И на этом дне росли звезды.

Тимур сел на камень. Ноги подогнулись сами.

Они росли из земли — как цветы, как трава, как грибы после дождя. Тонкие стебли — прозрачные, словно стеклянные, — а на верхушке каждого стебля маленький огонек. Теплый. Белый с золотым; некоторые — голубоватые; один, с краю, — нежно-розовый. Они светились не ярко — не так, чтобы резало глаза, — а мягко, как ночник в детской. Вся долина плавала в этом свечении; тени здесь были не черные, а лиловые, и воздух дрожал — совсем чуть-чуть, как над асфальтом в жару, только нежнее.

— Красиво, — сказал Тимур; и тут же подумал, что слово какое-то тощее, не вмещает и десятой доли.

Лиса села рядом. Хвостом обернула лапы — по-кошачьи, аккуратно.

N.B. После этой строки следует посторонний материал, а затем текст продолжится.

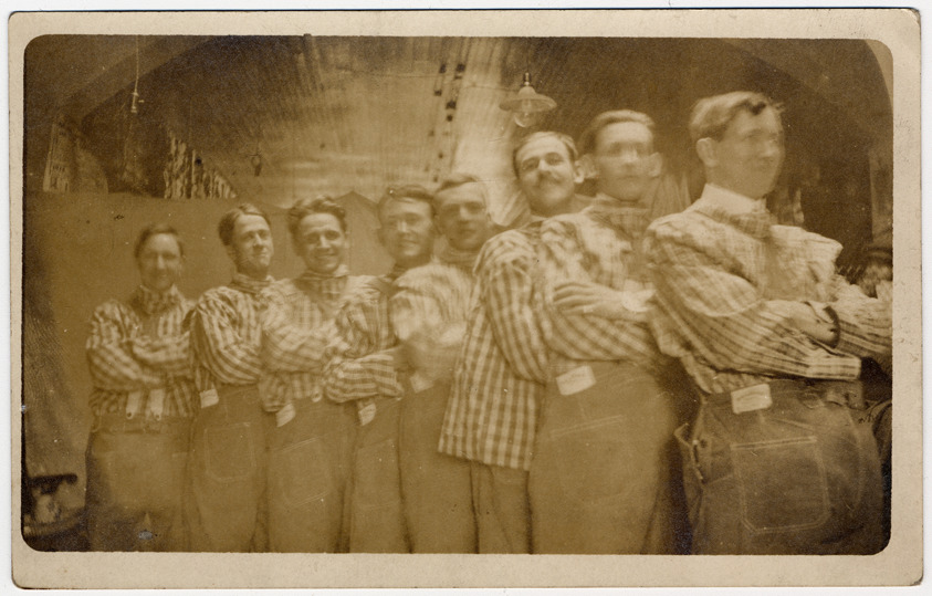 Group of men in costume of checkered shirts and dungarees with their arms folded across their chests, stand in a line, in building with high rounded wooden ceiling in Holly, Michigan.

— Это упавшие звезды, — сказала она. — Знаешь, когда загадывают желания — «звезда упала»? Так вот. Они падают сюда. В эту долину. И прорастают.

— А потом?

— Потом поднимаются обратно. Когда дорастут. Это может быть год, может — сто лет. Зависит от звезды.

Тимур посмотрел внимательнее. Некоторые стебли были высокие — ему по пояс; другие — едва торчали из земли, крохотные, как рассада помидоров в бабушкиных горшках на подоконнике. А несколько — были темные. Потухшие. Стебли — коричневые, сухие; огоньки на верхушках не горели.

— Что с ними?

Лиса промолчала. Потом:

— Их вырвали. Не до конца — корни остались. Но стебли сломаны. Кто-то приходил. Забирал.

— Зачем?

— А зачем люди забирают то, что светится? — она чуть повернула морду. Глаза у нее были желтые, теплые; не хищные, а грустные. — Думают — фонарик. Или украшение. Приносят домой, а звезда без корня гаснет через час. И выбрасывают. А здесь — пустое место. И небо — на одну звезду беднее.

Тимур сглотнул. В горле стояло что-то твердое; не ком — а так, косточка от вишни, которую забыл выплюнуть.

— Можно... посадить новые?

Лиса посмотрела на него долго. Очень долго — секунд пятнадцать, наверное, но каждая секунда была увесистой, полновесной, как камень в ладони.

— Можно, — сказала она. — Но не руками. Звезды сажают песней.

— Я не умею петь.

— Умеешь. Твоя бабушка — Зоя Алексеевна, верно? — пела тебе. Те старые песни. Алтайские.

И Тимур вспомнил. Бабушка Зоя, когда ему было совсем мало — пять? четыре? — пела на ночь. Не колыбельные из интернета, а что-то свое; протяжное, горловое почти, с долгими гласными; слова он не понимал — бабушка говорила, что это «по-старому», что ее мать пела, и мать ее матери, и так далеко, далеко назад, до самых первых людей, которые пришли в эти горы.

Он думал, что забыл. Но оказалось — нет. Мелодия жила где-то внутри; не в голове — глубже; может, в ребрах, может, под ними; в том месте, которое сжимается, когда смотришь на закат с Верблюд-горы и не можешь объяснить, почему хочется плакать.

Тимур запел.

Тихо. Неуверенно. Голос — мальчишеский, ломкий — зацепился за первую ноту и поехал; поехал вверх, как по тропе, как по горному склону; мимо знакомых деревьев и незнакомых поворотов. Слова выплывали сами — он не знал их значения, но язык помнил, губы помнили, горло помнило.

И земля услышала.

Там, где стояли мертвые стебли, что-то шевельнулось. Земля дрогнула — не сильно, как вздох спящего; и из трещин полез свет. Сначала — точки; потом — ниточки; потом — тонкие, почти невидимые ростки, которые тянулись вверх, к его голосу, как подсолнухи к солнцу.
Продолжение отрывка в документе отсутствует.